是的,前妻的背叛是他心底莫大的痛。這痛沒人知道,沒人看見他的尊嚴被踐踏得多徹底,他一向高傲、杰出,是個天之驕子、是個形象良好的企業二代接班人。
然而,卻在一夜間,他成為全台傳媒報章上的焦點烏龜人物——他的老婆公然和偶像明星約會,這教他情何以堪哪!為了保住最後一點尊嚴,他只得打落牙齒和血吞,暗地承受、獨自療傷……
時至今日,王駱軍不知自己能不能再承受這些壓力和背後的指指點點?而也只有他的母親才敢當面揭他瘡疤。
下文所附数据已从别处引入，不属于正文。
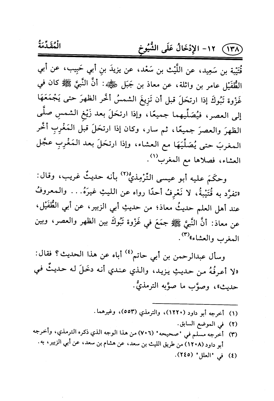 قُتَيْبة بْنُ سَعِيد، عَنِ اللَّيْث بْنِ سَعْد، عَنْ يزيدَ بنِ أَبِي حَبِيب، عَنْ أَبِي الطُّفَيْل عامر بن واثلة، عن معاذ بن جَبَل ح: أنَّ النَّبيَّ (ص) كان في غَزْوة تَبُوكَ إذا ارتحَلَ قبل أن تَزِيغَ الشمسُ أخَّر الظهرَ حتى يَجْمَعَهَا إلى العصر، فيُصَلِّيهما جميعًا، وإذا ارتحَلَ بعد زَيْغِ الشمسِ صلَّى الظهرَ والعصرَ جَمِيعًا، ثم سار، وكان إذا ارتحَلَ قبل المَغْرِبِ أخَّر المغربَ حتى يُصَلِّيَهَا مع العشاء، وإذا ارتحَلَ بعد المَغْرِبِ عجَّل العشاء، فصلاها مع المغرب (١) .
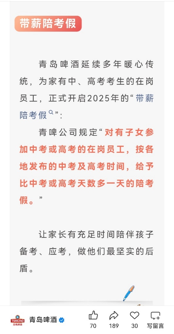 青岛啤酒财务有限责任公司积极响应国家对职工家庭关怀的号召,在集团的政策支持下,正式开启2025年度“陪考假”。这一政策规定,凡是子女参加中高考的在岗员工,均可享受比考试天数多一天的陪考假期。公司旨在通过此举,让员工能够全心全意为孩子做好后勤服务,缓解考生和家长的压力,助力他们更好地陪伴子女迎接人生中的重要挑战。
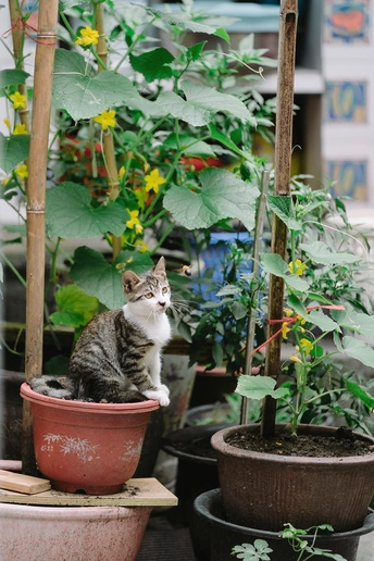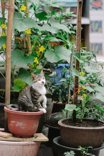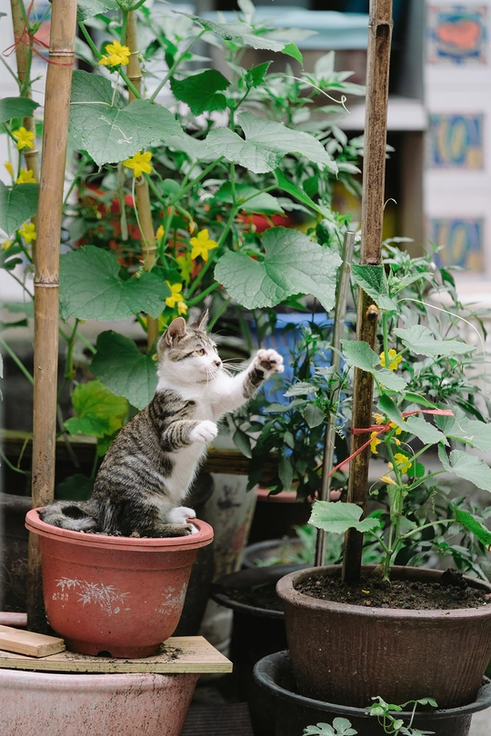 小猫看到一只大蜜蜂,很好奇,还好没被蜇到
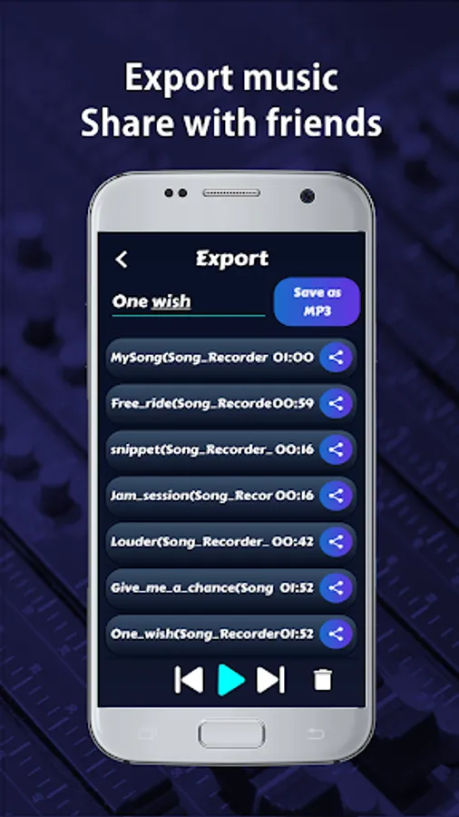 5. Share your song via the share button with your friends or export it to the phone storage.
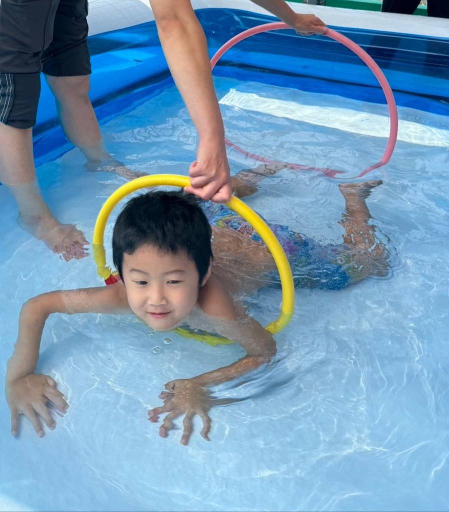 プールを使いながら色んな体の動きを取り入れて遊んでいます♪
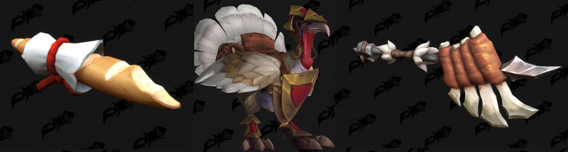 With the 11.2.5 PTR comes a new round of items flagged for the Trading Post in the next few months, including whimsical food items! There are also items reflecting the events of Fall and Winter, like turkey mounts and Frosty Finery.

地方上的激烈抗爭,已夠讓他頭痛的了,這會兒連他老媽也跳下來攪和,簡直讓他煩透了。
「不說就沒事了嗎?」不容兒子逃避,賴美英刻意再提那敗壞門風的前兒媳婦。
然而,看見兒子一臉氣極敗壞的神色,她還是于心不忍的轉開話題︰「只要你不拆廟,其余的我沒意見。」
「媽,您講點道理好不好?」他此時只想逃開這個令人窒息的家。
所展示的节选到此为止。